The required output is the stretch from the line containing "If the image" through the line containing "At the heart" in the records below, unaltered and with no pictures.

**Supplied records**
>>>
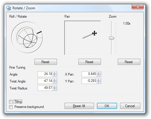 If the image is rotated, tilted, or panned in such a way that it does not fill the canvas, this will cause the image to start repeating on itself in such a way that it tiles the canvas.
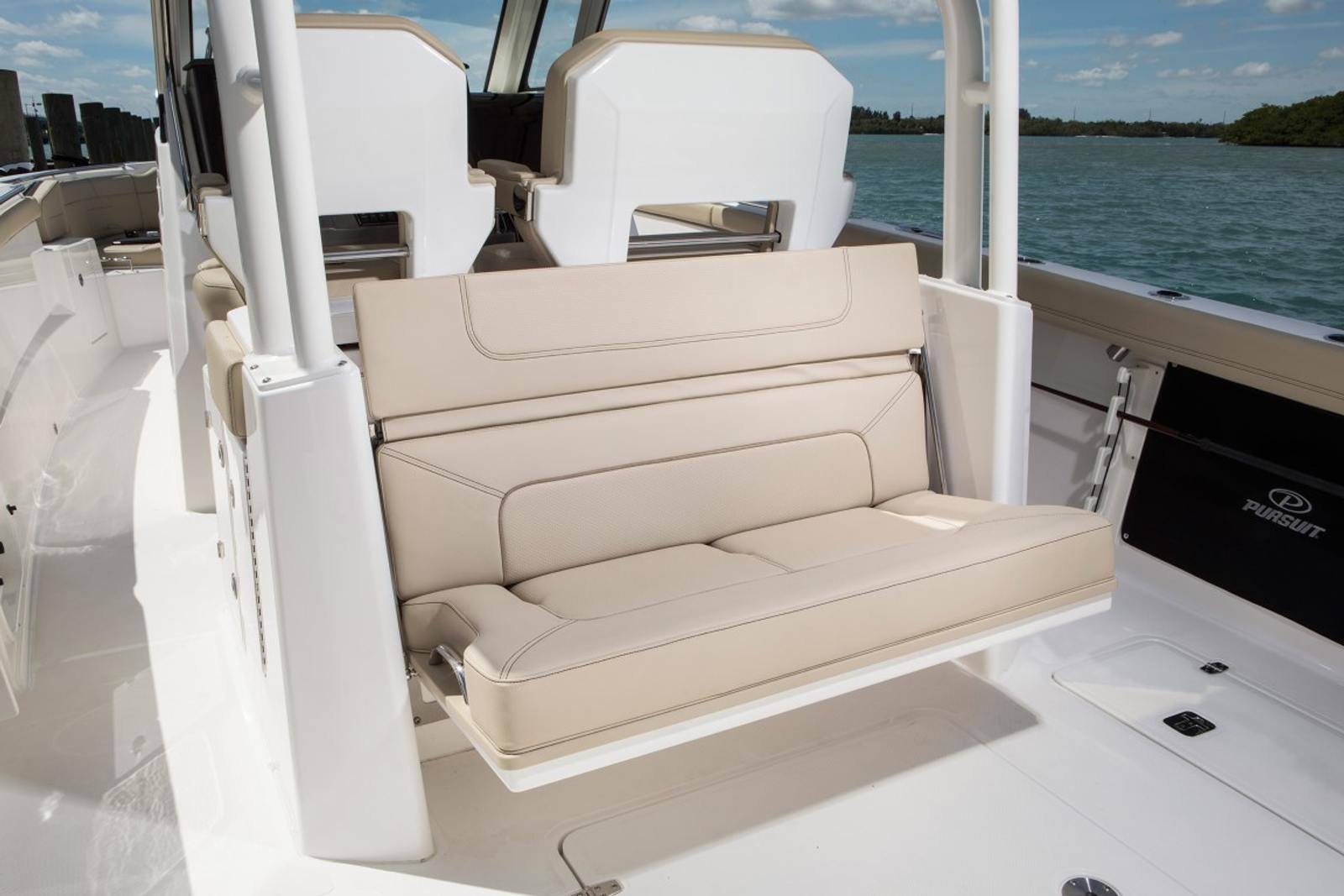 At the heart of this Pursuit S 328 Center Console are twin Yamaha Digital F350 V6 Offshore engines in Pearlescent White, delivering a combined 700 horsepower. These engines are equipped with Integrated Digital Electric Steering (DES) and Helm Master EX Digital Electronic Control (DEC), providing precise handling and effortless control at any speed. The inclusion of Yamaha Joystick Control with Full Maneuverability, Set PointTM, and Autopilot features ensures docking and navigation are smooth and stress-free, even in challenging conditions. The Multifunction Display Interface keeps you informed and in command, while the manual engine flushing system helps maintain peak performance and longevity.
<<<
>>>
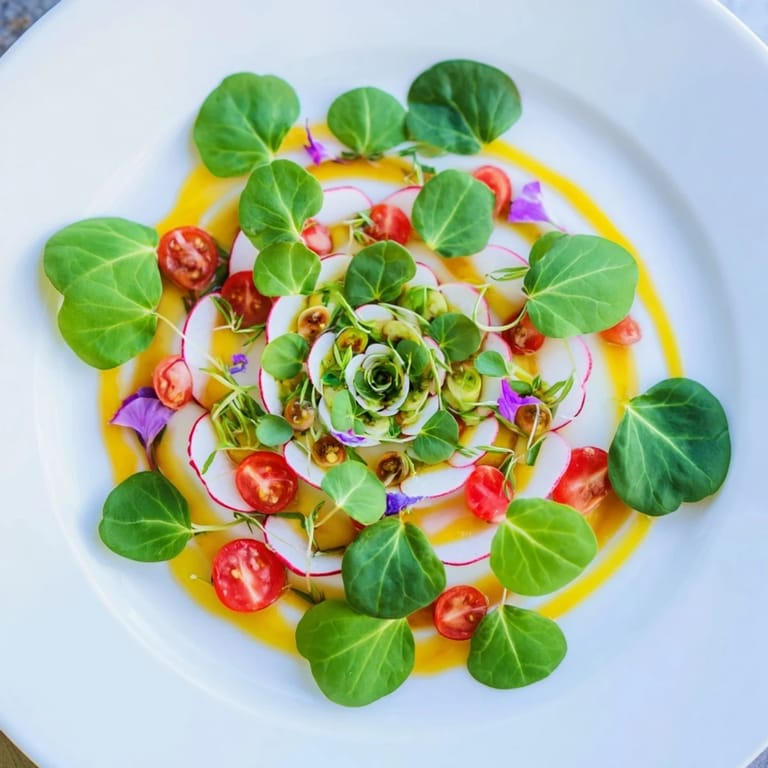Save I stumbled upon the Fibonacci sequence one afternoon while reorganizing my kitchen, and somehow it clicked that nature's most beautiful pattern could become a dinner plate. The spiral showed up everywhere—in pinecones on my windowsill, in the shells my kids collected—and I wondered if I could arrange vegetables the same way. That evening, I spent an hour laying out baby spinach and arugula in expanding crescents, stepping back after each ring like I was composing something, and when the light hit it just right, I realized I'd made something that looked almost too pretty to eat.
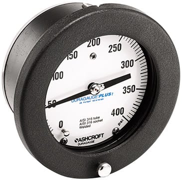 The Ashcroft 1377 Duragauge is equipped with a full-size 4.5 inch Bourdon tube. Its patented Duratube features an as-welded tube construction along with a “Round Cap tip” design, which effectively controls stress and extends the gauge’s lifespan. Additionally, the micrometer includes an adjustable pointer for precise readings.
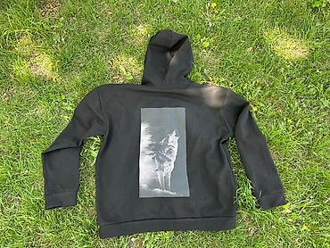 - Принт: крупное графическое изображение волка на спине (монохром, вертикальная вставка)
<<<
**Answer space**
 If the image is rotated, tilted, or panned in such a way that it does not fill the canvas, this will cause the image to start repeating on itself in such a way that it tiles the canvas.
 At the heart of this Pursuit S 328 Center Console are twin Yamaha Digital F350 V6 Offshore engines in Pearlescent White, delivering a combined 700 horsepower. These engines are equipped with Integrated Digital Electric Steering (DES) and Helm Master EX Digital Electronic Control (DEC), providing precise handling and effortless control at any speed. The inclusion of Yamaha Joystick Control with Full Maneuverability, Set PointTM, and Autopilot features ensures docking and navigation are smooth and stress-free, even in challenging conditions. The Multifunction Display Interface keeps you informed and in command, while the manual engine flushing system helps maintain peak performance and longevity.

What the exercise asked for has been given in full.